GM, which has spent more than $1 billion on fuel-cell research, isn’t the first automaker to get a hydrogen-powered vehicle on the road.

Advertisement

Two of Honda Motor Co.’s FCX fuel-cell cars are being driven around L.A. -- one by actress Q’Orianka Kilcher. Toyota Motor Corp. is testing fuel-cell versions of its Highlander SUV in partnership with UC Berkeley and UC Irvine, and 20 are being road-tested by government agencies in Japan.

BMW has been road-testing hydrogen-powered versions of its 7 Series luxury sedan in the L.A. area since this summer, lending the cars to notables such as L.A. Opera general director Placido Domingo and Davis Guggenheim, director of the environmental blockbuster “An Inconvenient Truth.” (BMW’s system relies on hydrogen for fuel but uses it to drive an internal combustion engine rather than to power an electricity-generating fuel cell.)

All of this activity doesn’t impress critics who contend that pouring money into fuel-cell research isn’t the fastest way to significantly improve fuel economy or decrease smog and greenhouse gases.
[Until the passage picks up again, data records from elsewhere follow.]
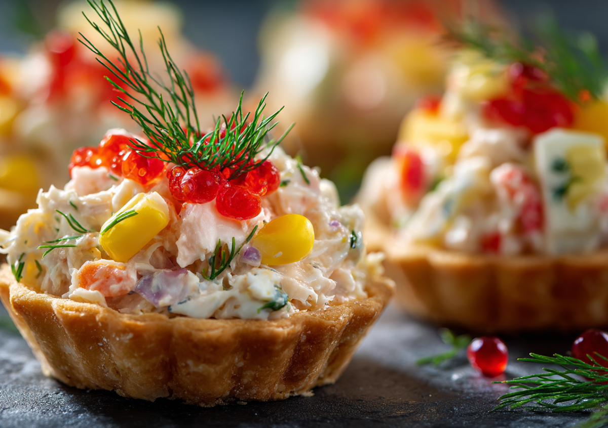 Новогодние тарталетки: готовлю с крабовыми палочками и зеленью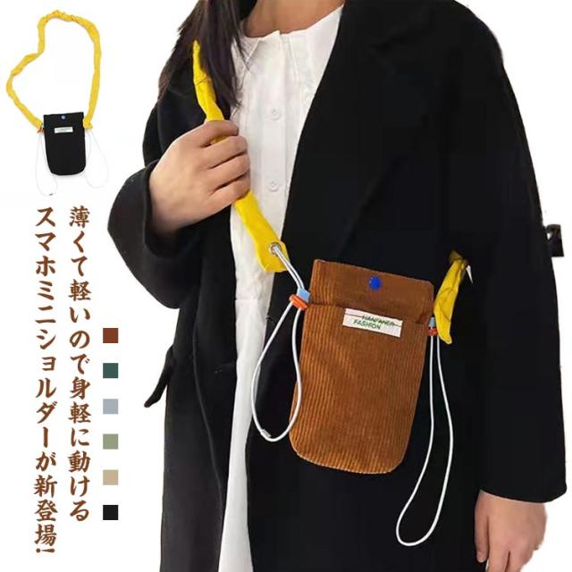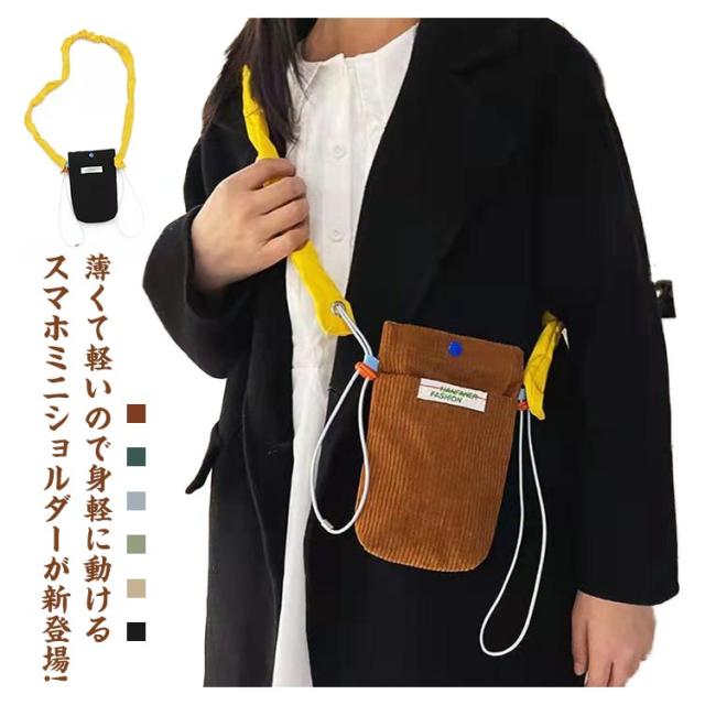 【送料無料】スマホポーチ スマホ ポシェット ミニバッグ ミニショルダー スマホバッグ サコッシュ 斜め掛け 軽量 大容量 薄い コーデュロイ お財布ポシェット お財布バッグ ショルダー スマホケース 通勤 レディース メンズ 男女兼用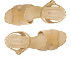 Sandália com tira em H e detalhe de recortes, na cor bege. O modelo de material similar ao couro, possui salto médio em bloco e biqueira quadrada. Traz cabedal em tiras vazadas sobre os dedos, com design imponente em H, com detalhe em costuras pesponto por todo o contorno. Possui tira traseira no contorno do calcanhar que se conecta na tira do tornozelo, com fecho superior em fivela lateral. Com palmilha bege e inscrição Anacapri. Aberta, exibe todo o pé.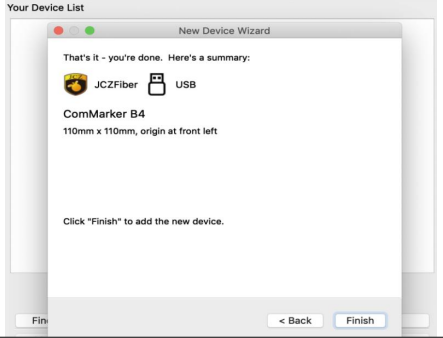 11. 从“设备设置”按钮转到“基本设置”, 点击“加载COR文件”, 选择“EZCAD for ComMarker B4”—>“110毫米”, 选择文件“JCZ11.cor”, 点击“确定”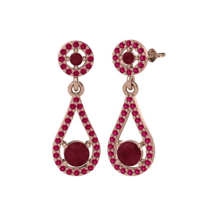 Kök yakut ve rodolit garnet 8 ayar rose altın küpe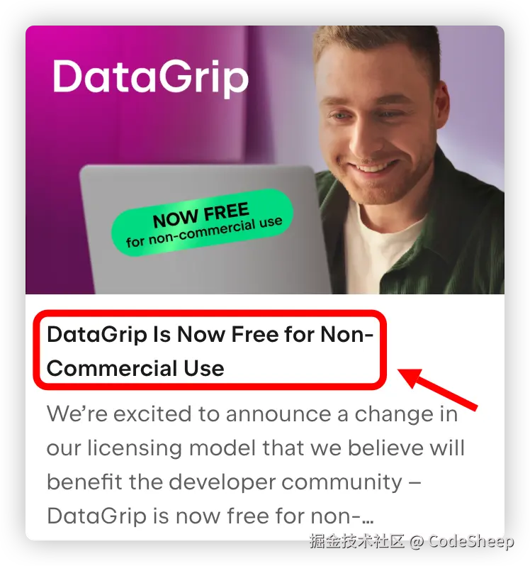 就在前两天,JetBrains 再度官宣:DataGrip 从现在开始,也对非商业用途全面免费了!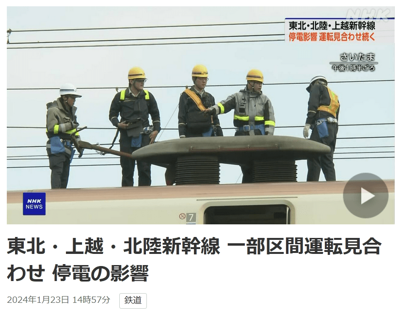 JR東日本によりますと、23日午前9時58分ごろ、東北新幹線、北陸新幹線、上越新幹線で停電が発生し、係員が確認したところ上野駅と大宮駅の間の上りで架線が垂れ下がっているのが確認されました。

Their arguments: The vehicles are too expensive, hydrogen production is inefficient, and building a nationwide network of fueling locations would cost billions.

“Fuel-cell vehicles are always 20 years away,” said Felix Kramer, founder of CalCars.org, an advocacy group in Palo Alto. “If we’re going to do anything soon to have ultra-low-emissions cars on the road, it won’t be with fuel cells.”

The infrastructure challenge is especially daunting.

There are only about a dozen hydrogen fueling stations in the L.A. area today -- all of them on private property. GM is negotiating to get access to some of those sites for its Project Driveway participants and plans to build fueling stations at six locations locally, including Burbank, Santa Monica, Irvine and Los Angeles International Airport, McCormick said.

GM has estimated that it would cost $12 billion to install hydrogen pumps within a reasonable distance of 70% of the U.S. population. But McCormick said a viable program could be launched with far fewer stations in densely traveled corridors, such as L.A. to the Bay Area and New York to Philadelphia and Boston.

Advertisement

“You don’t need a station in Topeka, Kan.,” he said. As few as 60 fueling sites -- price tag: $1 million each -- would be sufficient to put one within two miles of every driver in the Los Angeles area, GM spokesman Scott Fosgard said.

Still, with hand-built fuel-cell cars costing $1 million a copy, it will be tough to persuade an energy company to invest in even a small string of fueling stations until they’re convinced the cars will be cheap enough to attract a large number of buyers.

“Who is going to buy hydrogen cars until there are a lot of fueling stations, and who’s going to build the fueling stations until they know if the cars are going to be successful?” asked Joe Romm, the author of “The Hype About Hydrogen.”

Despite these concerns, McCormick expects to see GM’s annual production of fuel-cell vehicles “in the low thousands” by early in the next decade and to have them available for lease. He predicts “broad affordability” by 2020, with prices in the $20,000 to $25,000 range in 2007 dollars.

GM also insists that it can develop fuel-cell vehicles while still funding research into other alternative powertrain technologies such as plug-in electric vehicles. “We’re a big company,” Fosgard said. “We can do both.”

Waiting for his Equinox, Ben Lee is fully aware of the controversy surrounding fuel cells. But with oil around $90 a barrel, he said, it’s time for automakers to explore whatever alternatives are out there.

Advertisement

“If nobody is willing to take these kinds of leaps,” he said, “then we’ll be stuck with using petroleum until we run out.”